Если бы мне сказали, что у меня впереди есть год, я бы, наверное, стал думать о рыбалке, но у меня ведь нет года. Час, может быть. Судя по болям, это очень быстрый процесс. Ураганный процесс.
И хорошо, что есть ясность. Нет, поверьте, я не лукавлю. Что же мне храбриться перед вами. Сужается круг, и в этом круге так светло и ясно — так чисто, что ничего другого уже не хочется.
Но, знаете, мне уже не обидно. Сначала мне было обидно, теперь нет. Наступает такое чувство порядка и счастья. Только вот жену жалко. Нюру, кошку мою, жалко. Кто позаботится.
Татарников долго молчал, только скрипел дыханием. Антон слушал пилу, работающую в его легких.
— Что делать. Надо встретить достойно. Это как гость. Принять. Прибрать в доме. Починить электричество. Накрыть стол.
И опять молчание, только пила работает, скрипит.
— Не напишу уже ничего. Вы напишите.
— Зачем же вы мне говорите «вы». Всегда было «ты».
— Потому что человека надо ставить высоко. На «вы». Только на «вы». Наше «вы» — оно ближе, чем «ты». Вы напишите.
— Я сделаю что смогу, — сказал Антон. — Я всем вам обязан, учитель. — Он впервые назвал Татарникова учителем и услышал в ответ:
— Вы не ученик, Антон, вы друг.
И еще услышал:
— Пожмите мне руку.
Антон стиснул слабую руку умирающего и сказал:
— Для меня было честью быть вашим другом эти годы, Сергей.
И тот ответил:
— Спасибо. Мне было счастливо с вами.
23
Крепко сбитая почва под ногами, они шли по бурой дороге в сторону Мазари-Шарифа. И казалось, теперь совсем близко горы. Огромные твердые горы были видны еще с той стороны реки, а теперь словно выросли, и они шли к горам.

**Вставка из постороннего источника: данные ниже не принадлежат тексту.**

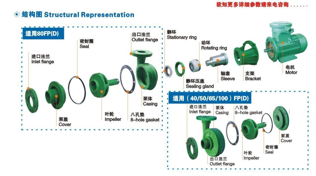 FP-D型耐腐蝕工程塑料離心泵均采用機械密封,并引進國際先進工藝和技術(shù)配方,使用FR-PP(增強聚丙烯--改性工程塑料)作為泵體的材料一次注塑成型,在同系列的塑料泵產(chǎn)品中,充分顯示了其結(jié)構(gòu)先進、重量輕、體積小、壽命長的特點。

Если смотреть на горы — то делается радостно, а если смотреть под ноги — неприятно. Хотя войны несколько лет не было, земля хранила ее в себе: кажется, если раскопать почву — вылезет война. Не в том дело, что грязно. Как будто у нас в России чисто, словно непривычны мы к помойке и пустырям. Но в России помойки вольготные, они образовались от широты русской души, оттого что у нас много места, и почему бы не набросать на пустое пространство всякой дряни — какая разница? Здесь обломки и огрызки войны были вбиты в почву с упорством и настойчиво, нарастали слой за слоем, каждая война оставляла свой слой мусора, и мусор с годами каменел. Точно здесь, на дороге в Мазари-Шариф, была устроена всемирная свалка, собрали отбросы со всего мира и высыпали нарочно здесь, именно на эту каменную почву. Будто большая мировая империя выбрала это место специально, чтобы сделать его неудобным и больным. Словно античные виллы, декларации прав человека и гражданина, прибавочная стоимость, маржа, банковские кредиты, современное искусство — все то, что делает мир таким прекрасным, — словно все это строилось где-то далеко, для других людей, а грязь и отходы от строительства свозили сюда. Словно большой светлый мир, который решал большие светлые проблемы, вываливал сюда то дрянное, что оставалось от больших светлых дел. Здесь копилась вековая помойка, словно весь мир свозил сюда свое зло, жажду убийства и насилия, преступления и предательства — вбивал это зло в почву, а отравленная почва каменела и чернела.
Маша увидела башню танка, вкопанную в землю, и подумала, что весь танк под землей, но Ахмад сказал, что башню оторвало снарядом.
— Значит, не выстрелит?
— Может, и выстрелит.
В Кабуле советские войска соорудили памятник. Поставили на постамент танк Т-62, настоящий танк. Даже ствол пушки не забили, исправная была пушка. Когда в город вошли войска Масуда, то в этот танк сели моджахеды, залили солярки, съехали с постамента и поехали воевать.
— Что же никто не уберет.
— Кто же здесь убирать будет.
— Неужели некому?
— Не смотри.
Мария взяла татарчонка на руки, показала горы.
— Как хорошо дышится.
И правда, небо было чистым, с гор дул ветер и сбивал жару. Черные крепкие горы — расстояние до них определить трудно, а в то, что за ними еще что-то есть, — в это вовсе не верилось. И видны были далекие плоскогорья, длинные отроги гор, еще белые от снега, бесконечные белые поля. И дышалось хорошо, в Афганистане сладкий воздух. Прозрачный, легкий воздух.
— Можно жить.
— Конечно, можно.
Теперь можно было не волноваться. До дома оставалось недалеко, и случиться ничего не могло. Ни натовские, ни американские патрули сюда не заезжали, а британцы стояли на юге страны, в провинции Гильменд. Там, говорят, правда страшно. Там так не погуляешь — догонят и застрелят. Рассказывали про разбомбленную школу и про убитых детей. Но это далеко, на юге, за горами.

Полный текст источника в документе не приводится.